The story is very well staged. The writer has a clear grip on exactly what is happening at each moment, with the precision of a director. This puts the reader at ease, knowing they will not miss a detail.

At the same time, this precision causes the reader to walk on eggshells, never able to relax and let their eyes flow over the words, for fear of missing some elegant detail. I think it was Borge's who said that in a short story, every single last thing should bear some relevance, although I am not sure that is the case here. The result is a jarring between the voice and the narrative, particularly were some elements are foreshadowed, such as the 'five days prior' and the 'new family' (I'm not happy with this latter, as were family before, I ran with the possibility that this was an evacuee before stumbling over the 'Vanhorn men don't cry'). Lastly, I was not convinced by the boy, who we discover to be 15, saying 'relieved because he knew now that Davis did not hate him, he was dealing with his own grief.'

The pacing is nice. I enjoyed the original mixture between movement and reflection. Likewise the impact of the 'heart thumping out of his chest' combined with the splashes of colour in what was until then a very non descriptive piece.

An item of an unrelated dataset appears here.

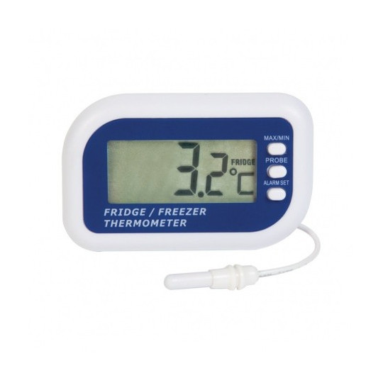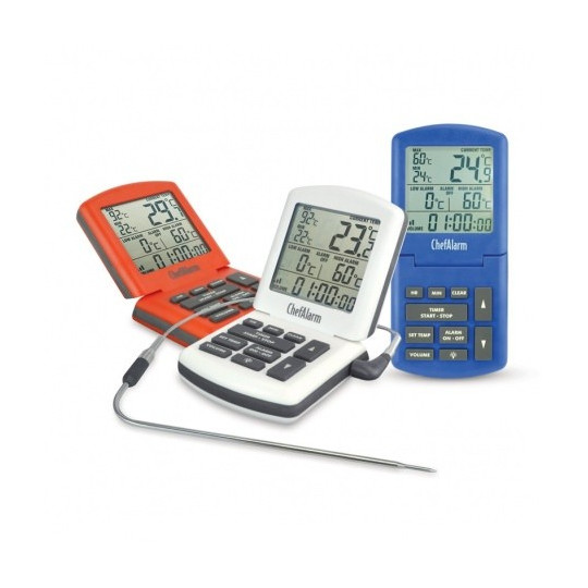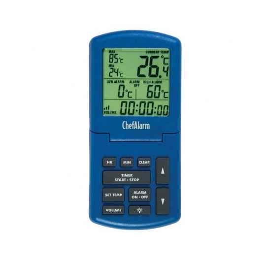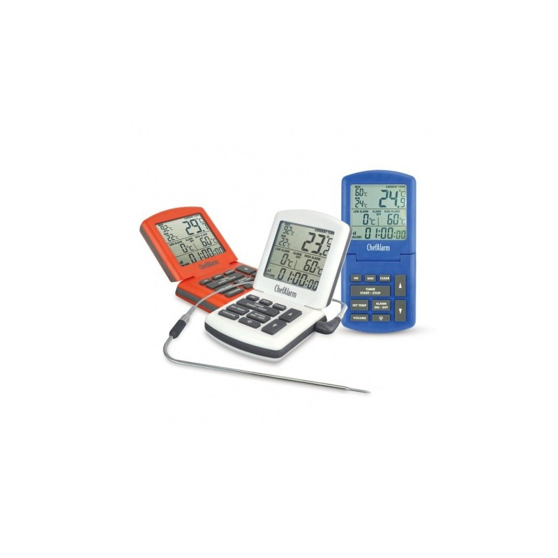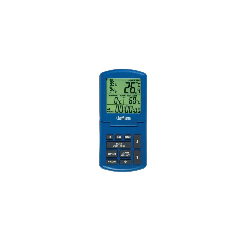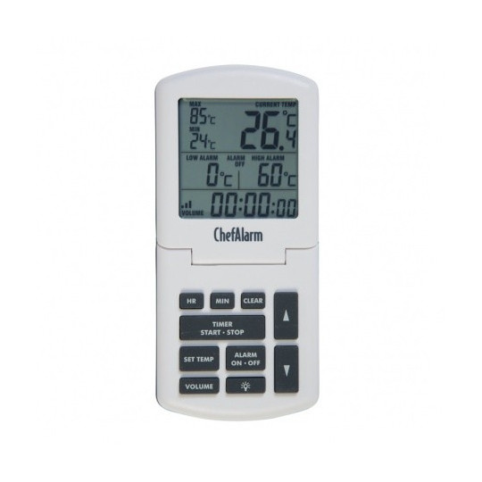 De ChefAlarm ass e professionelle Kachthermometer an e Countdown Timer déi Countdown / Zäit, aktuell Temperatur affichéiert a gläichzäiteg héich / niddereg Alarm a max / min Temperaturen affichéiert.
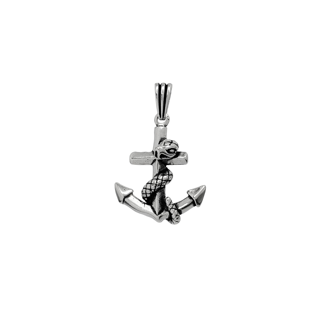 3D Antique-Finish Snake Wrapping Spiky Anchor Pendant (Silver)

Minor quibbles: train station... you mentioned train twice, you could drop the adjective.

You start a sentence 'although there was one house..' suggesting a contrast, but a contrast to what, you had just said 'blended in,' I don't see how blending in and having the second largest house (contrasted) fits in here.

Overall, the story has a strong punch and is based on a very touching moment. My main reserve is the coordination of the voice and narrative. I think that a good read out loud may help resolve this, and possibly recording and writing therefrom, as I think a different pace would get the reader more comfortable, possibly increasing the impact of the denouement.